Thanks! I modified the props.conf and am re-indexing the file now. I will let you know how things look!
This didn't work, unfortunately. I tried using a few different attributes but no luck. Is it possible to use custom XML to format the logging?
Are you sure that's the right CSV file? I see no commas separating the values...

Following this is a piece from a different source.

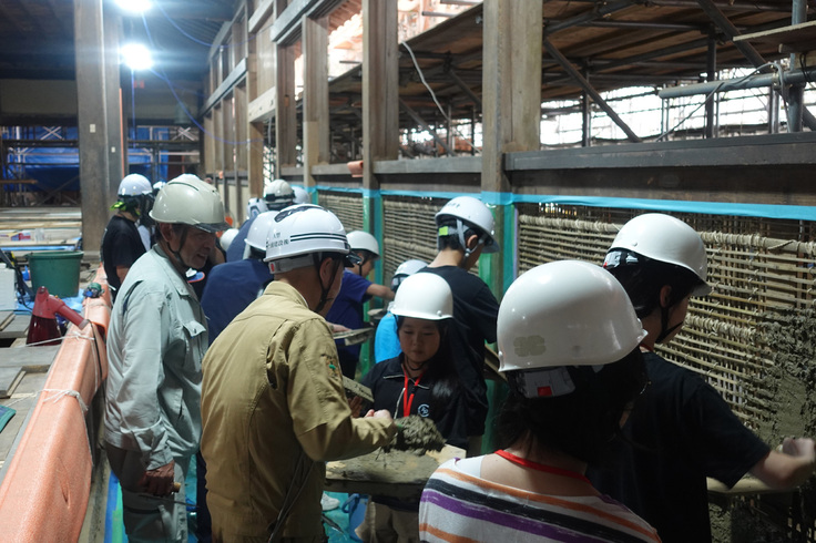 本堂では、次代を担う子どもたちに伝統の技を体感してもらおうと「土壁塗り体験」を実施しました。解体の際に取り外した当時の土壁は大切に保存され、藁を加えて練り込み、発酵させた荒壁用の土が再び活用されています。

I copied that right from the original spreadsheet. Here is the same one I am indexing from /tmp/:
InvoiceDate,InvoiceTime,Division,Customer,BillTo,DiversityCustomer,InvoiceTypes,EDI,PDV,PAPER,InvoiceNumber,InvoiceAmount,LegacyEDI
20150504,53141,ATL,12345,12345,N,PDV,0,1,0,001,382.61,0
20150504,53218,ATL,12345,12345,N,EDI & PAPER,1,0,1,002,231.14,0
20150504,53218,ATL,12345,12345,N,EDI & PAPER,1,0,1,003,245.19,0
20150504,53218,ATL,12345,12345,N,EDI & PAPER,1,0,1,004,19.03,0
20150504,53153,ATL,12345,12345,N,EDI & PAPER,1,0,1,005,251.54,0
20150504,53153,ATL,12345,12345,N,EDI & PAPER,1,0,1,006,146.92,0
then in props I extract InvoiceDate and InvoiceTime as Date, Time
It'd help if you posted a sample of your CSV file.
Sure thing - Here are the top 5 lines with edited values:
Date Time Division Customer Bill-To DiversityCustomer InvoiceTypes EDI PDV PAPER InvoiceNumber InvoiceAmount LegacyEDI
20150504 53141 ATL 1234567 12345 N PDV 0 1 0 001 382.61 0
20150504 53218 ATL 1234567 12345 N EDI & PAPER 1 0 1 002 231.14 0
20150504 53218 ATL 1234567 12345 N EDI & PAPER 1 0 1 003 245.19 0
20150504 53218 ATL 1234567 12345 N EDI & PAPER 1 0 1 004 19.03 0
Also, this CSV file contains 7 days worth of data (5/4 to 5/10). With the above search I am only looking to start with 5/4. If I need to re-index the file I can do that. Thanks!